_Problem_.
Write out the material below again, line for line, without any images.

_Supplied data_.

[Start of section]

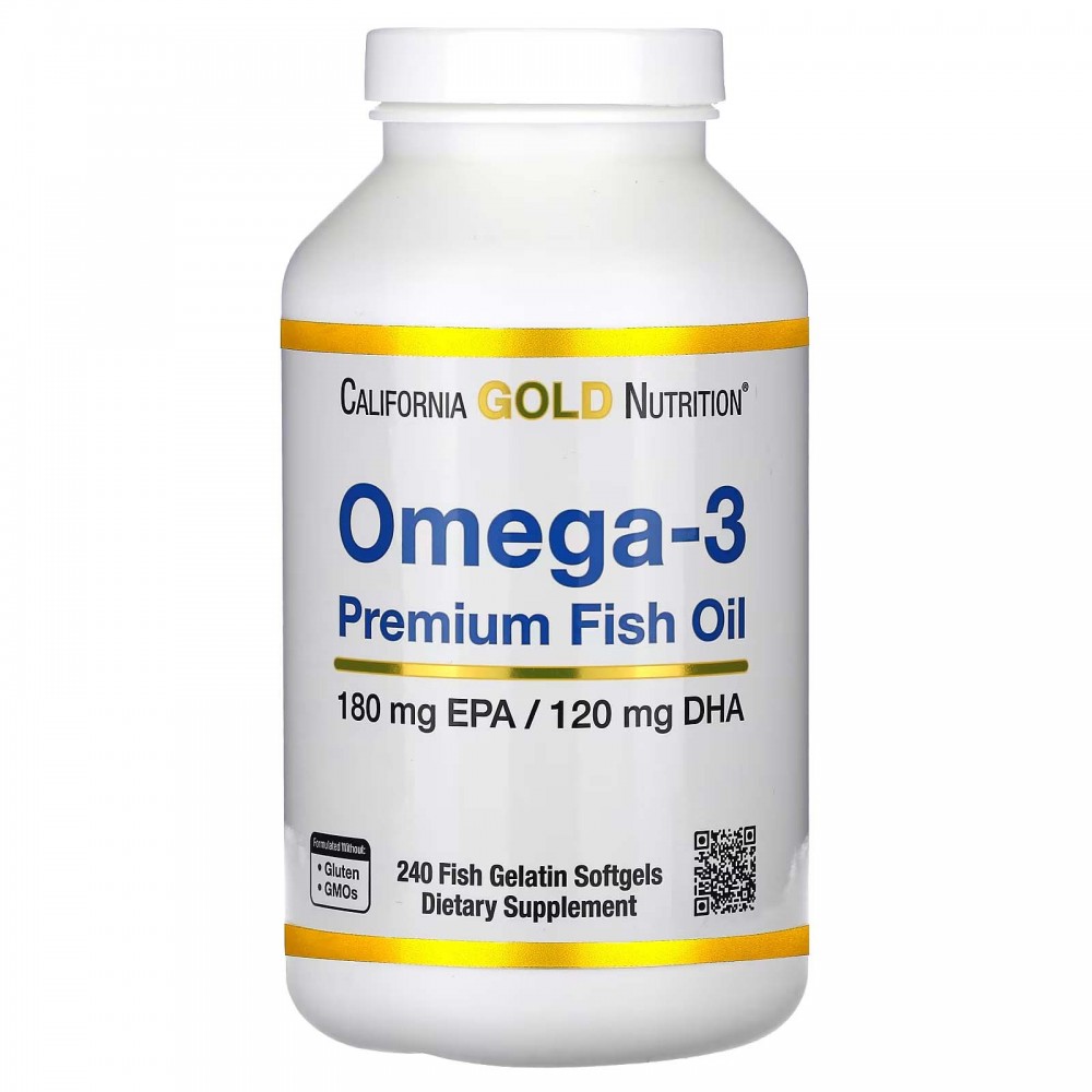 California Gold Nutrition, омега-3, рибячий жир преміальної якості, 180 мг ЕПК / 120 мг ДГК, 240 капсул із рибячого желатину
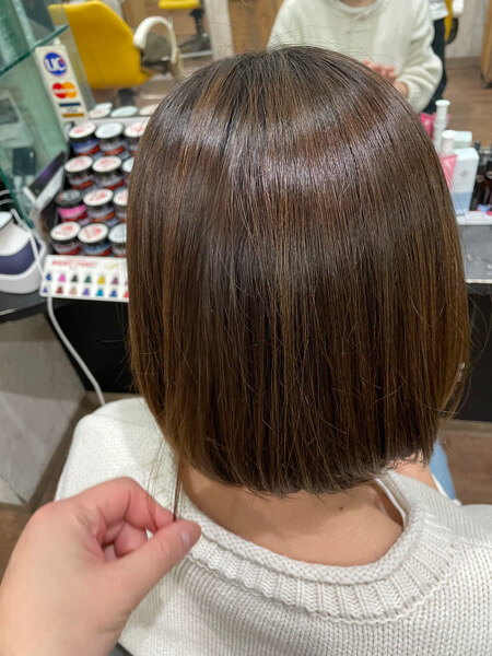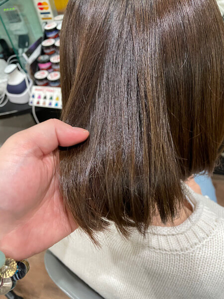 カラーのみでも良いのですがやはりトリートメントをすると手触りも良いですしカラーも綺麗に見えます。
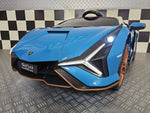 Denna Lamborghini Sian barnbil är bland annat försedd med fram- och bakljus, gummidäck och ett lädersäte. Lämplig för barn från 3 år (på grund av små delar).

[End of section]

_Answer space_.
 California Gold Nutrition, омега-3, рибячий жир преміальної якості, 180 мг ЕПК / 120 мг ДГК, 240 капсул із рибячого желатину
 カラーのみでも良いのですがやはりトリートメントをすると手触りも良いですしカラーも綺麗に見えます。
 Denna Lamborghini Sian barnbil är bland annat försedd med fram- och bakljus, gummidäck och ett lädersäte. Lämplig för barn från 3 år (på grund av små delar).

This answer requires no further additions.